# New instrument?



## GGluek (Dec 11, 2011)

I know musical instruments, especially the winds, have been evolving slowly over the years, as new key configurations and materials are introduced. Some have legs, some don't. Over the last few years I've kept hearing about the Higgs bassoon. Anyone know anything about it?


----------



## ptr (Jan 22, 2013)

Yea, it is one of those miniature instruments that no one believes in but is inevitable in the grand orchestra of everything! 

/ptr


----------



## rrudolph (Sep 15, 2011)

Evidently it is used in a lot of Catholic church music--my understanding is that you can't have Mass without it.


----------



## oogabooha (Nov 22, 2011)

EDIT: unless this post was made to be funny


----------



## EddieRUKiddingVarese (Jan 8, 2013)

Good God, I don't want to put my lips around that thing- Higgs "boson" Basoon runs at at an energy level of seven trillion electron volts..................
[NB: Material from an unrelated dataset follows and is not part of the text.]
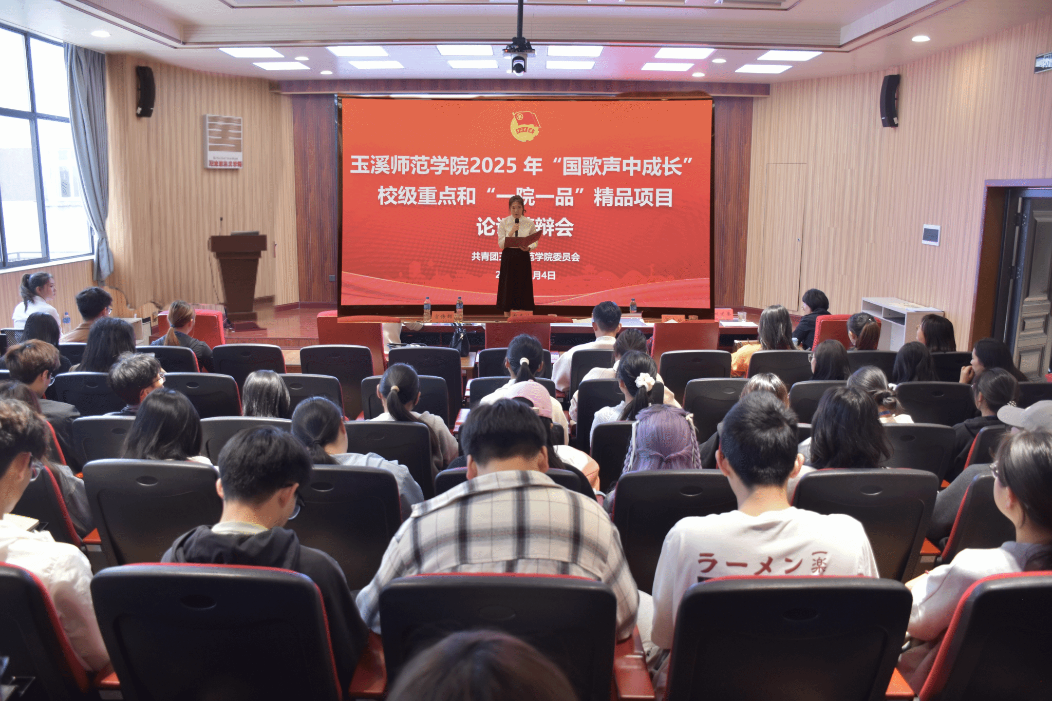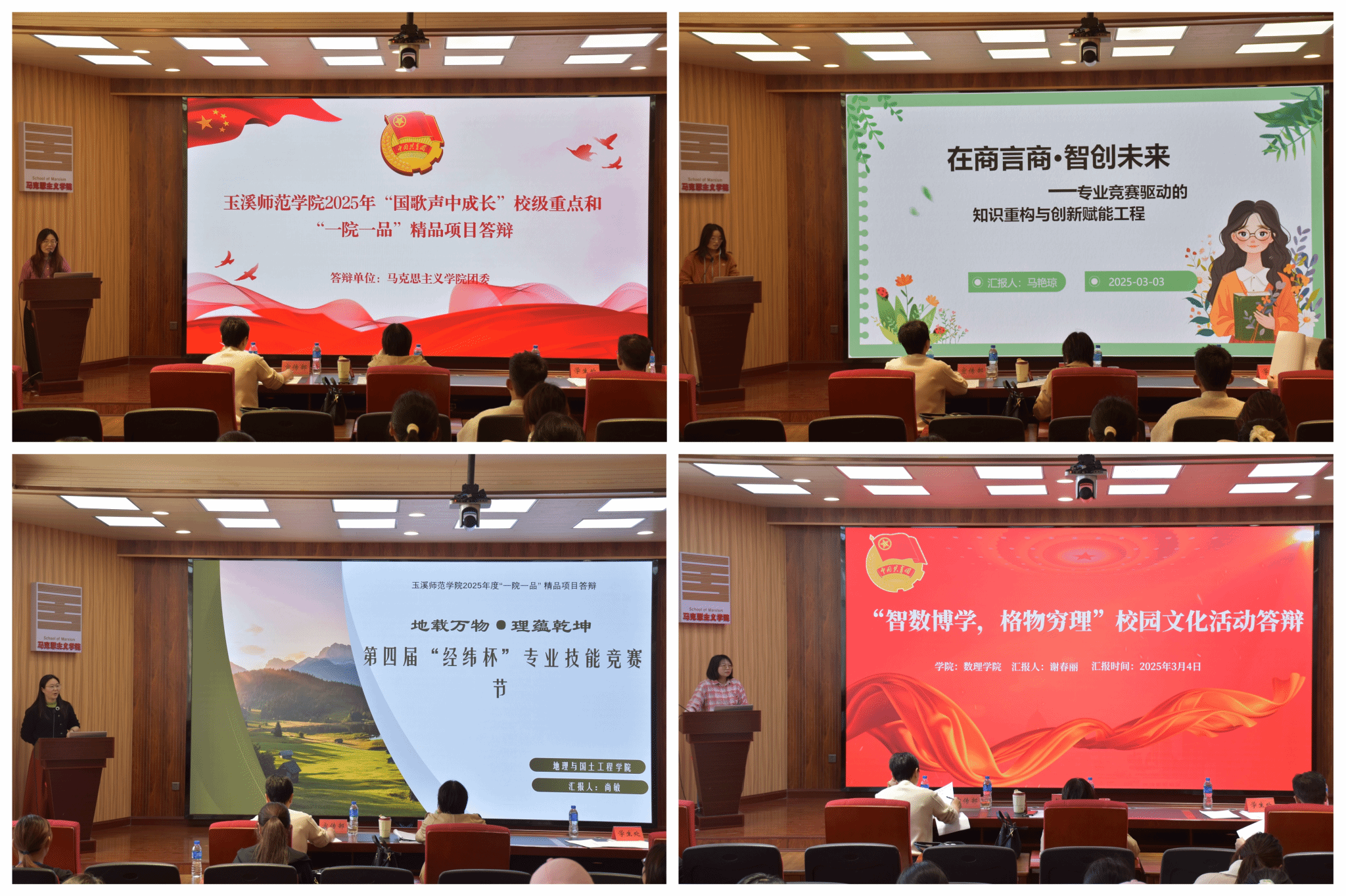 为学习宣传贯彻习近平文化思想,落实立德树人根本任务,结合学校“文化润校”要求,不断提升第二课堂人才培养质量,打造“国歌声中成长”实践育人品牌,形成一批具有地方特色的校级重点项目和具有专业特色的“一院一品”校园文化精品项目,3月4日,校团委在“四耳”报告厅组织开展2025年“国歌声中成长”校级重点项目和“一院一品”精品项目论证答辩会。

"Scientists Discover Higgs Bassoon
Predicted in the Baroque period, the Higgs Bassoon is difficult to detect. Scientists believe the Bassoon may add richness to the sound of a full orchestra."


----------



## oogabooha (Nov 22, 2011)

EddieRUKiddingVarese said:


> View attachment 14611


jesus christ :lol:


----------



## superhorn (Mar 23, 2010)

Hugh hefner's latest girlfriend is named Jennifer Higgs . He has discovered the Higgs bosom .












:lol: :lol: :lol:


----------